**Instructions to follow:**
Using the data that follows, give again word for word the lines between the one holding "지구 운동방향과 나란히, 그리고" and the one holding "Add a touch", inclusive. Omit the pictures.

**Task data:**
Start of Block

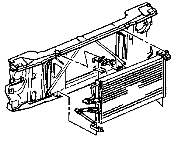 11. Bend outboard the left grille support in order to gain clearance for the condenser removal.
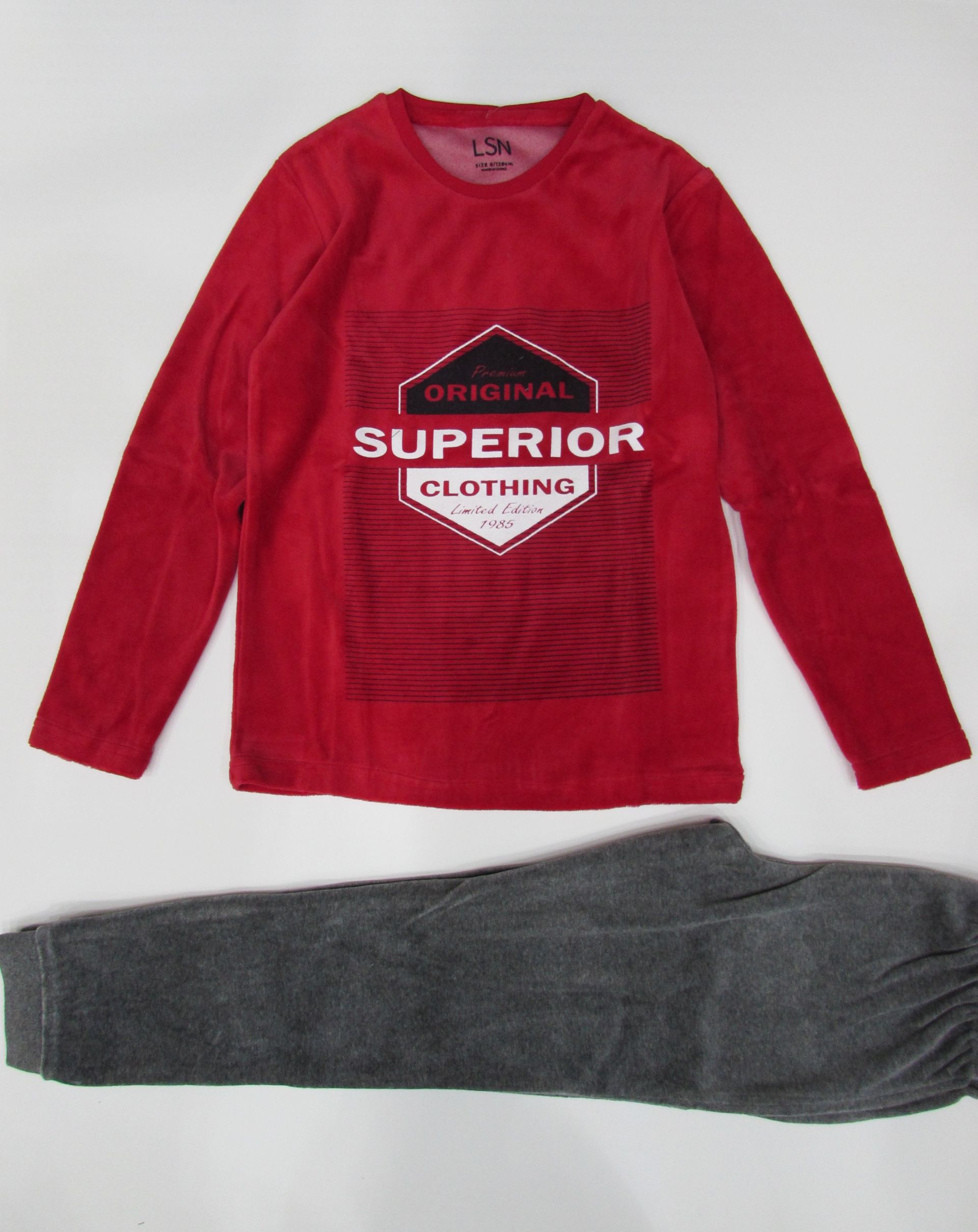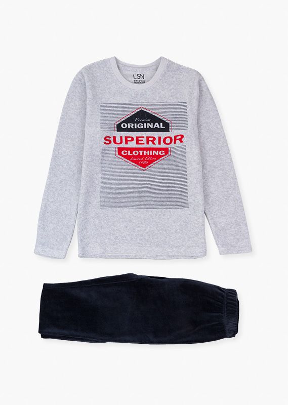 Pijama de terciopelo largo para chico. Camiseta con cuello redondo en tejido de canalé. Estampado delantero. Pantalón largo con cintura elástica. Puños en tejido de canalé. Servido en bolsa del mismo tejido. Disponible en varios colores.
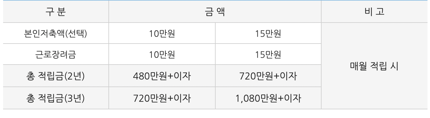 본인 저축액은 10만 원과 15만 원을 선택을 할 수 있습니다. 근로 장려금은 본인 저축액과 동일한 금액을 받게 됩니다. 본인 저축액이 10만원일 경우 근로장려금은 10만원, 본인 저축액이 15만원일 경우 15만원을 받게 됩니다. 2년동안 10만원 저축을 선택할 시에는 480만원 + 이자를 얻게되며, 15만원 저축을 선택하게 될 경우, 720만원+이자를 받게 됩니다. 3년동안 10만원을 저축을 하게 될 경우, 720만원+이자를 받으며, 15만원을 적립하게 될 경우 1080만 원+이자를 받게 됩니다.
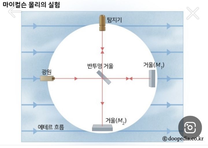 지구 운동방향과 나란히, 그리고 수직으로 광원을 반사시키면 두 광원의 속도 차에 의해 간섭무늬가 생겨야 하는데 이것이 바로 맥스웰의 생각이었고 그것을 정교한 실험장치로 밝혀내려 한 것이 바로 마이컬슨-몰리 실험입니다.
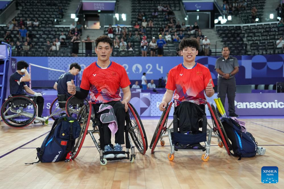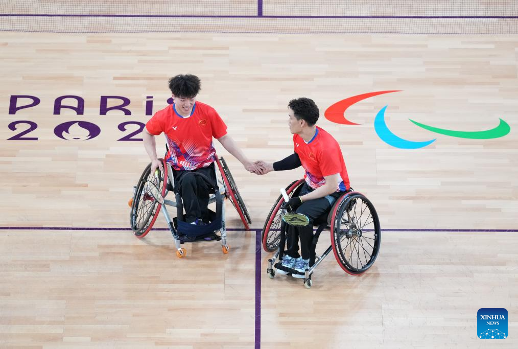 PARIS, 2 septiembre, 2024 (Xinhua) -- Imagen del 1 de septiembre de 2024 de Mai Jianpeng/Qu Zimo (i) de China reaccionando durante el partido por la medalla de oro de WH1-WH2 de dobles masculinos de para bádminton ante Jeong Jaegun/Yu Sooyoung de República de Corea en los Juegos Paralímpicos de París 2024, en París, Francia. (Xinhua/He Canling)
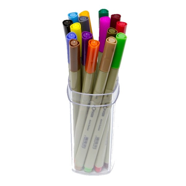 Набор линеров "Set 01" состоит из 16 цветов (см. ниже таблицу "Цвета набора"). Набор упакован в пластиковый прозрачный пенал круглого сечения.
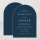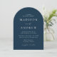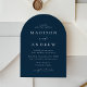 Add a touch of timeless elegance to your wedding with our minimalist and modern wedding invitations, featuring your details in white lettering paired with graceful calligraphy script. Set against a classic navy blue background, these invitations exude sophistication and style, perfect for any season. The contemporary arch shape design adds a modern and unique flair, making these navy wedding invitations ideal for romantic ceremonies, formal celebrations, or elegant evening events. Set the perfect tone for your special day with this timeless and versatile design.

End of Block
Start of Block

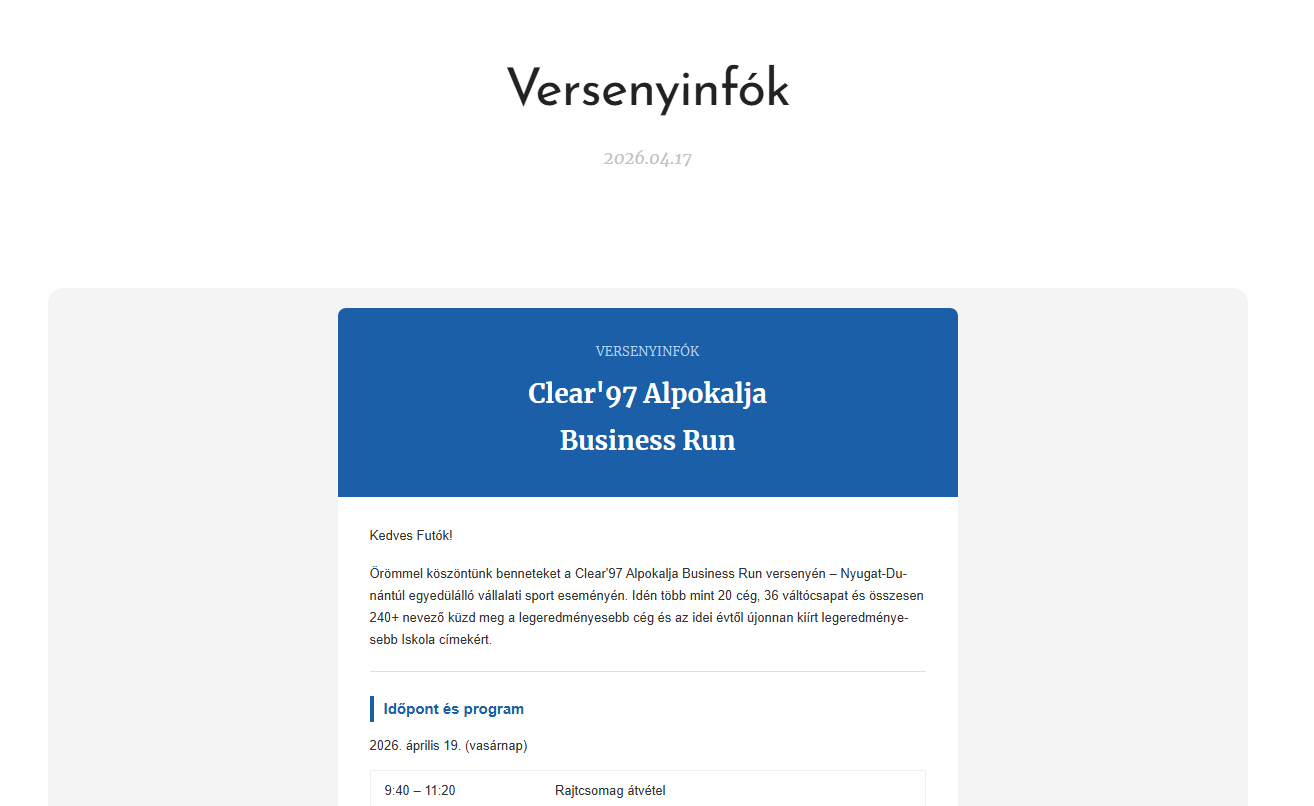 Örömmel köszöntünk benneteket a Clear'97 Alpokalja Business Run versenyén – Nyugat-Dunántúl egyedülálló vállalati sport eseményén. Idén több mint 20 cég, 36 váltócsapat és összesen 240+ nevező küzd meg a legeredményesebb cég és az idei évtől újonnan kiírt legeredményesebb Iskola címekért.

End of Block

**Task response:**
 지구 운동방향과 나란히, 그리고 수직으로 광원을 반사시키면 두 광원의 속도 차에 의해 간섭무늬가 생겨야 하는데 이것이 바로 맥스웰의 생각이었고 그것을 정교한 실험장치로 밝혀내려 한 것이 바로 마이컬슨-몰리 실험입니다.
 PARIS, 2 septiembre, 2024 (Xinhua) -- Imagen del 1 de septiembre de 2024 de Mai Jianpeng/Qu Zimo (i) de China reaccionando durante el partido por la medalla de oro de WH1-WH2 de dobles masculinos de para bádminton ante Jeong Jaegun/Yu Sooyoung de República de Corea en los Juegos Paralímpicos de París 2024, en París, Francia. (Xinhua/He Canling)
 Набор линеров "Set 01" состоит из 16 цветов (см. ниже таблицу "Цвета набора"). Набор упакован в пластиковый прозрачный пенал круглого сечения.
 Add a touch of timeless elegance to your wedding with our minimalist and modern wedding invitations, featuring your details in white lettering paired with graceful calligraphy script. Set against a classic navy blue background, these invitations exude sophistication and style, perfect for any season. The contemporary arch shape design adds a modern and unique flair, making these navy wedding invitations ideal for romantic ceremonies, formal celebrations, or elegant evening events. Set the perfect tone for your special day with this timeless and versatile design.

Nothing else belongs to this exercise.